ALERT, ALERT, ALERT.  Here is the insanity.  Why?  Aren't there any exceptions to this general prescription?  Continuing, after I skipped some text:


"The type of person who believes that knowing the answer to that question is a useful measure of engineering ability has no understanding of what engineering is or why it matters."

ALERT, ALERT, ALERT - this is not even true!  This is projecting--assigning motives to the interviewer that may not be true at all.  If this was a true/false test, the answer would be FALSE.  This poster must not have tested well on true/false quizzes, because he violates a central principle of understanding these tests: absolutist statements are ALWAYS FALSE[1].

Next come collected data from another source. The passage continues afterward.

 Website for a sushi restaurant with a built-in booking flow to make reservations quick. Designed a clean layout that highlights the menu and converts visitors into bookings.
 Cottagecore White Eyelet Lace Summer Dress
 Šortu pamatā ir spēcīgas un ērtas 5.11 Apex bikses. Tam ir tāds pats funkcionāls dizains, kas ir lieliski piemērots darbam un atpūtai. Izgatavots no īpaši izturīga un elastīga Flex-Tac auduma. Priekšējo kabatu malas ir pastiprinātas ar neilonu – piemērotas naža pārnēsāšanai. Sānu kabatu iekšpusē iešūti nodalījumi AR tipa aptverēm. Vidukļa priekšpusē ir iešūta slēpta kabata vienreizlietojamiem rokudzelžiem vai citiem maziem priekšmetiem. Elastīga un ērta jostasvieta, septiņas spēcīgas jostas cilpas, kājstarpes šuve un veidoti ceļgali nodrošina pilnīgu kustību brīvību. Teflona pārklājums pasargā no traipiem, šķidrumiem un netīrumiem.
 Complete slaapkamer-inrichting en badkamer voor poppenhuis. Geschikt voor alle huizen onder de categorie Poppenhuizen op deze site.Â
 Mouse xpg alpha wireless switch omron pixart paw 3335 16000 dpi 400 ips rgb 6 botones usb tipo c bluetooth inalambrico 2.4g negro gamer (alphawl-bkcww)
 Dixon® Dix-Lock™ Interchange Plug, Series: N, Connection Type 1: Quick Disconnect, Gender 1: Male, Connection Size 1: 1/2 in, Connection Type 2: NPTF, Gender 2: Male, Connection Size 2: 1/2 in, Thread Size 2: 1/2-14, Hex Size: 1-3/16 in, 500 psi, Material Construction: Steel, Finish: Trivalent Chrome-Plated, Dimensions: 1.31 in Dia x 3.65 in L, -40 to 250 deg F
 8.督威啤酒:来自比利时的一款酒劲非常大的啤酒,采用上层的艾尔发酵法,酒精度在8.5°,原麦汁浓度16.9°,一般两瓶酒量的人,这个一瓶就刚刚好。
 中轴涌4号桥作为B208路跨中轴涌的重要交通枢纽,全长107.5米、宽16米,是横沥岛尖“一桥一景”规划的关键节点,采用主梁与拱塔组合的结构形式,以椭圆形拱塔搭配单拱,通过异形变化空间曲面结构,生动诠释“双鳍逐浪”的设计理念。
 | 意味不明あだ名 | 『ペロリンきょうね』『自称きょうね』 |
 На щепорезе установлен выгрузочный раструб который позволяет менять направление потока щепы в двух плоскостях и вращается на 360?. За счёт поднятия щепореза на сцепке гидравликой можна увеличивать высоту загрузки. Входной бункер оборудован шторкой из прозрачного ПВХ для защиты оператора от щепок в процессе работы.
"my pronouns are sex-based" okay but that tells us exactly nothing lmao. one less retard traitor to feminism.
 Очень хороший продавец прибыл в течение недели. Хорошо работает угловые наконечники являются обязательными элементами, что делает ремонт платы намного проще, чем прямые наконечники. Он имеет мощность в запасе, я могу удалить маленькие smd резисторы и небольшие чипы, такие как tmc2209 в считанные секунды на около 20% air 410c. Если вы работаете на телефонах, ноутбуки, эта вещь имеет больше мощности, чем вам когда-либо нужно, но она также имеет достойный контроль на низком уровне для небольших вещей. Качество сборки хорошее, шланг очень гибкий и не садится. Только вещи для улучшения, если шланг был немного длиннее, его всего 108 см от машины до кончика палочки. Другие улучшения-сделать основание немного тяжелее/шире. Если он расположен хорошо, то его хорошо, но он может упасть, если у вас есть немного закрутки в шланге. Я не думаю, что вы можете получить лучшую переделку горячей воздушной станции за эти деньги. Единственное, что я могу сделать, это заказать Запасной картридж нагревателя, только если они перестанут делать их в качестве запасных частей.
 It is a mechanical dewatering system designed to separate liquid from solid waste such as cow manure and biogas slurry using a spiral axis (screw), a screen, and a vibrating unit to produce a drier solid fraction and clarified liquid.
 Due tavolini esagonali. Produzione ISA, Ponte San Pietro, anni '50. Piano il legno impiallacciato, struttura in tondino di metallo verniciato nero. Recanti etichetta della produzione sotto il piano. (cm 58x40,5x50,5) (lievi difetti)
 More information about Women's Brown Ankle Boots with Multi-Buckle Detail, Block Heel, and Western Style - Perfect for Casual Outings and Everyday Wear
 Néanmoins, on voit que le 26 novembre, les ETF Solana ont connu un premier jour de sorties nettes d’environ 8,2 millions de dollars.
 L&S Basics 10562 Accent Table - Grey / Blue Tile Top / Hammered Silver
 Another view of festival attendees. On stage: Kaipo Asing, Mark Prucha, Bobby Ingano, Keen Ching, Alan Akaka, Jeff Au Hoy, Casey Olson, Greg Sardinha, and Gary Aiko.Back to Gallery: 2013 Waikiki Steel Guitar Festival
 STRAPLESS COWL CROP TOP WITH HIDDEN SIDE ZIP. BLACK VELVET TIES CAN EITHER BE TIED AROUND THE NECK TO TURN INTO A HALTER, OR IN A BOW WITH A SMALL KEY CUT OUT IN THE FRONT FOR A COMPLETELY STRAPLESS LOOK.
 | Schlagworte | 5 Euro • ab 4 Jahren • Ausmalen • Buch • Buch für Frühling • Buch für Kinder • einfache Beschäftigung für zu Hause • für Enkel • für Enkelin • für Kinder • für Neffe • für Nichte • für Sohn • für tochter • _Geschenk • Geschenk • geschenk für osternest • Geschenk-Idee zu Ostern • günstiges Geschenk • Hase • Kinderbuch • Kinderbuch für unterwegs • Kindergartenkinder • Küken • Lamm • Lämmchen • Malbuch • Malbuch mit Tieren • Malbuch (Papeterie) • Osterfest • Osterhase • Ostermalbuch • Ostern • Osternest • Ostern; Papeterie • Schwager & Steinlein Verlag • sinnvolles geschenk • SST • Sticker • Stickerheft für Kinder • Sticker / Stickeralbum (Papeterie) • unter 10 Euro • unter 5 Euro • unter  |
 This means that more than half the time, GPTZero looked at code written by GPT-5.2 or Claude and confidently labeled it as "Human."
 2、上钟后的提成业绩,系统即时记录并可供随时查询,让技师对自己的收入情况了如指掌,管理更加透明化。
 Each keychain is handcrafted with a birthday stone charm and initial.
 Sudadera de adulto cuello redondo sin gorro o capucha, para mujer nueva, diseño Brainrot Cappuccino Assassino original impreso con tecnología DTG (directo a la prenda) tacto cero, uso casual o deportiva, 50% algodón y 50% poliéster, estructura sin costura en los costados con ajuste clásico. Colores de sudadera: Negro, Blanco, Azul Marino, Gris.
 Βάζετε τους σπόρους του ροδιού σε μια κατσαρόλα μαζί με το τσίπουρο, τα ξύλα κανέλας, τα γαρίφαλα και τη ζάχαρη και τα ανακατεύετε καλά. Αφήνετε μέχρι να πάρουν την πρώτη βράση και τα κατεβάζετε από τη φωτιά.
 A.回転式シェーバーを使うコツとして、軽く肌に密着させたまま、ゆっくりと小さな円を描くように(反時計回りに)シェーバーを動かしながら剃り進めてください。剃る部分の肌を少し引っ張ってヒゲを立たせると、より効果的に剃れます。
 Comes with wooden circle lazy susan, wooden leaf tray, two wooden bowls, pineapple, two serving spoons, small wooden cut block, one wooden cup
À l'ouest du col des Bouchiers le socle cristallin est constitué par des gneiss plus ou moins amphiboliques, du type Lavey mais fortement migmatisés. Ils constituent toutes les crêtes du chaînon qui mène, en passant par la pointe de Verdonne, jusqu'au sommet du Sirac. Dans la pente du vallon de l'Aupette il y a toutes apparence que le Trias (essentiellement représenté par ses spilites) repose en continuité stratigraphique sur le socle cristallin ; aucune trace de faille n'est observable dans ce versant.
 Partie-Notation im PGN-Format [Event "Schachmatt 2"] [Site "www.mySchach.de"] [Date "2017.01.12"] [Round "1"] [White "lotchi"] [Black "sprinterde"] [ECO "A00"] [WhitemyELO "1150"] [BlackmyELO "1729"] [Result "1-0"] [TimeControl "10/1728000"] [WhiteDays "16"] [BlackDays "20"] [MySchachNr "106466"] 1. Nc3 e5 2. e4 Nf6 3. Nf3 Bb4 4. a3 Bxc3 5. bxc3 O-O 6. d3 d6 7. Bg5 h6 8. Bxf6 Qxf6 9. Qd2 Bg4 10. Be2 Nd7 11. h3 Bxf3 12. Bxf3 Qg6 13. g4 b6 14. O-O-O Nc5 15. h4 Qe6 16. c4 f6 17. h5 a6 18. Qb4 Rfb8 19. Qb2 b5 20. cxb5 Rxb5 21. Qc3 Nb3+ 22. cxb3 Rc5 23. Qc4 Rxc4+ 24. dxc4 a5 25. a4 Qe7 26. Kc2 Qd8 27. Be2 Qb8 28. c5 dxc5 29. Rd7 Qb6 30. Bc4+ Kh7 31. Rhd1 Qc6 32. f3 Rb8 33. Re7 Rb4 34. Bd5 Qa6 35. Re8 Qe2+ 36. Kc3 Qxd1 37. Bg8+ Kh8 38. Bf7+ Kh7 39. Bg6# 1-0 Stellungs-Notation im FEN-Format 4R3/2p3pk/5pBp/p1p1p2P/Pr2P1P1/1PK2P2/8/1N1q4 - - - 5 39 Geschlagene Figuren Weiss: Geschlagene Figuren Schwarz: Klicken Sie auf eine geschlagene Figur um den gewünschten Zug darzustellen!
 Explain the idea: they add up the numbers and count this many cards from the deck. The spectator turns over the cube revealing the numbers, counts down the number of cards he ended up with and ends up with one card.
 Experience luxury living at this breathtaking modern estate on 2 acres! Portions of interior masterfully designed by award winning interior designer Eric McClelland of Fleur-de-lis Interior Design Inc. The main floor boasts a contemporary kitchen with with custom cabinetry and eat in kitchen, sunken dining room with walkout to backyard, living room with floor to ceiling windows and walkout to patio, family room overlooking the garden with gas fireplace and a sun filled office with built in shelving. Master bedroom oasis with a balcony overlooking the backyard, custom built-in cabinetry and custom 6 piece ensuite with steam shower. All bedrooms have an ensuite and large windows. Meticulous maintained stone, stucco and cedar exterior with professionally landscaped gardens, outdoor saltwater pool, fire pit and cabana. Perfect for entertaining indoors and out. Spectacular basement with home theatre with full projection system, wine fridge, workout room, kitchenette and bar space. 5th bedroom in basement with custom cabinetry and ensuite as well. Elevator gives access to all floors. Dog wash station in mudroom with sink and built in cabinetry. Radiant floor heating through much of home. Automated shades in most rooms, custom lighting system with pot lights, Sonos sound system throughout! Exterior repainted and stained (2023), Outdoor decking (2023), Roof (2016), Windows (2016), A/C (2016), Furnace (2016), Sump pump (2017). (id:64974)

Why do we, the computer people, have to do this ALL THE TIME?  I think that a mandatory interview procedure is this: the interviewer researches the candidate, and finds one such statement ("I'll never work for anyone who drinks espressos regularly!  I'll never work for a boss who doesn't know the difference between MAC address and IP address!  I'll never X given Y!  etc").  Then the interviewer takes time to VIOLATE the candidate's conditional.  So long as the candidate's principles are as ridiculous ("Any employer who blocks Hotmail should go out of business."), the interviewer should really poke at the sore spot.

I don't know if this is some sort of pride issue, or just overinflated posturing, but this sort of attitude is rampant.  And I hate it.

So stop it already.  All of you.



[1] - the statement "absolutist statements are ALWAYS FALSE" is an absolutist statement, and as such is FALSE.  Let's try again: "Absolutist statements are usually false, or at the least incomplete."  Now, that wasn't hard, was it?

pds
Monday, March 8, 2004

The xor exchanger idiom is something most computer engineers who have been around a while have seen. It is quite useful when doing embedded programming and you do not have any ram memory to spare at all and you need to exchange two variables.

So, although off topic, I don't agree with the blogger or the poster that knowing about this is a bad thing.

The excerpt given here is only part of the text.